With the pictures omitted, set down exactly the lines from the one that contains "Sven-Olof Storm sitter" through the last line of the data.

# Given data:
################

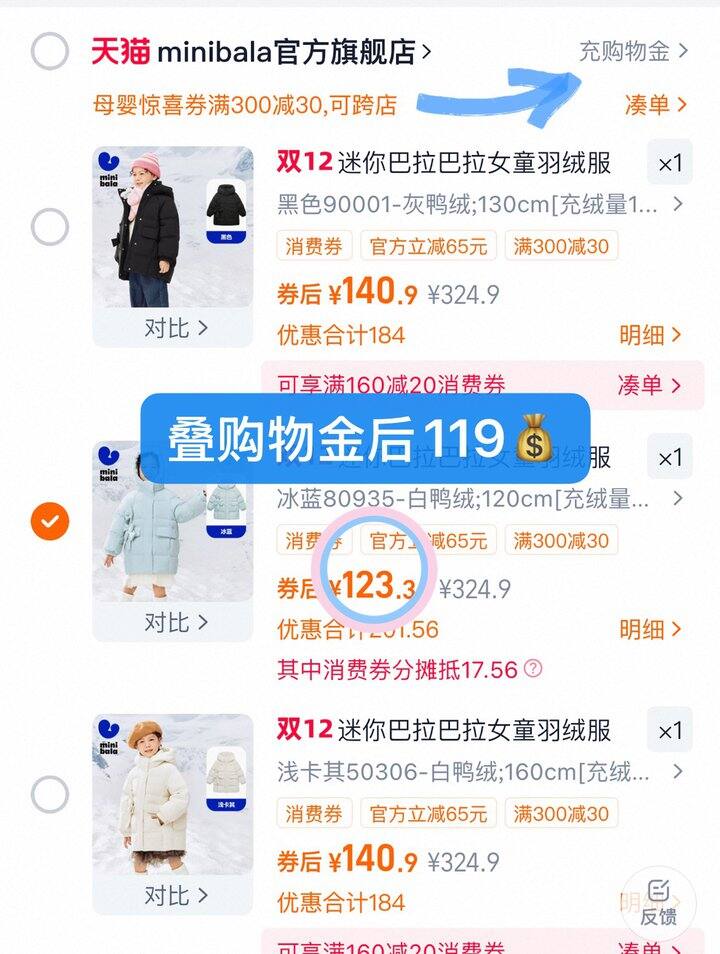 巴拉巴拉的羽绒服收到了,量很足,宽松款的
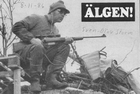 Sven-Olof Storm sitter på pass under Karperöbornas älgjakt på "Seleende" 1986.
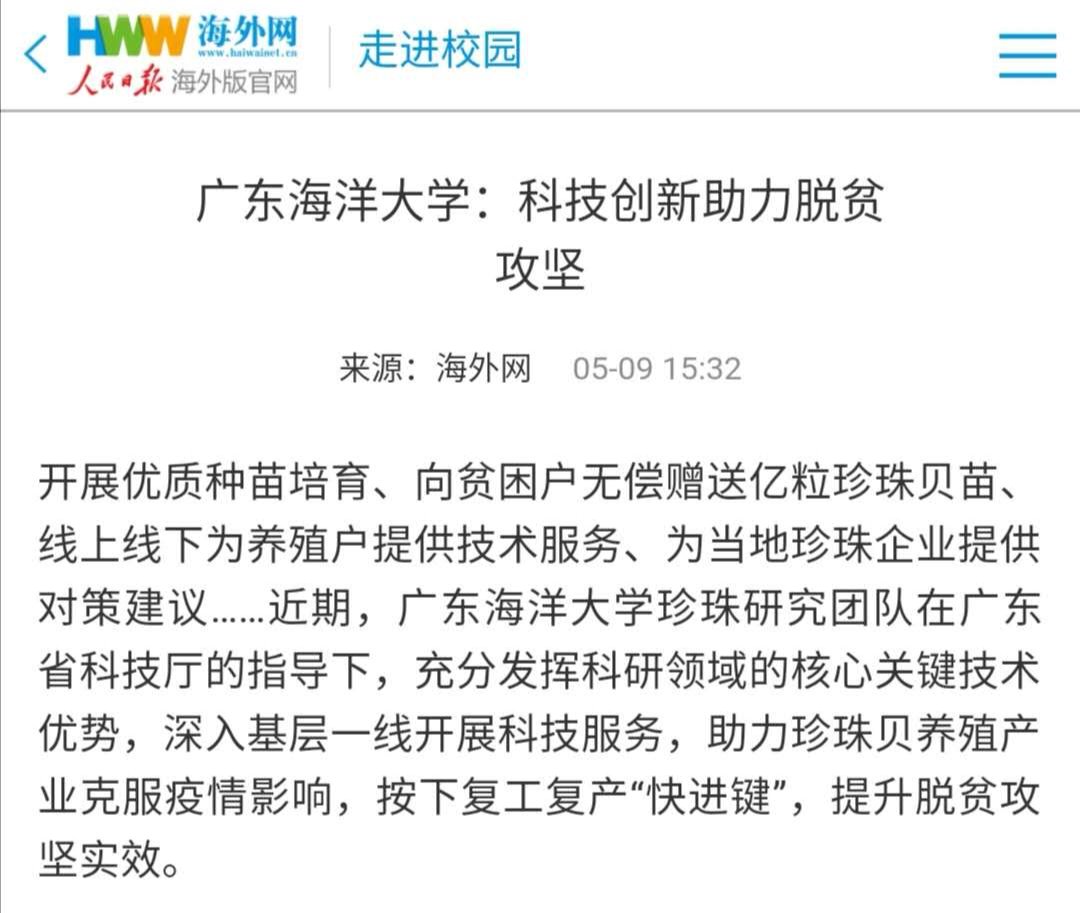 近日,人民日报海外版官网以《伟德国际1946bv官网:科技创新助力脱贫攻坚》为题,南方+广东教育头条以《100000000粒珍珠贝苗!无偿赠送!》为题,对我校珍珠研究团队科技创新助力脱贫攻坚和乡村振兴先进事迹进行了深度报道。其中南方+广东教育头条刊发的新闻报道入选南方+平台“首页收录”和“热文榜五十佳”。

################

# Written answer:
 Sven-Olof Storm sitter på pass under Karperöbornas älgjakt på "Seleende" 1986.
 近日,人民日报海外版官网以《伟德国际1946bv官网:科技创新助力脱贫攻坚》为题,南方+广东教育头条以《100000000粒珍珠贝苗!无偿赠送!》为题,对我校珍珠研究团队科技创新助力脱贫攻坚和乡村振兴先进事迹进行了深度报道。其中南方+广东教育头条刊发的新闻报道入选南方+平台“首页收录”和“热文榜五十佳”。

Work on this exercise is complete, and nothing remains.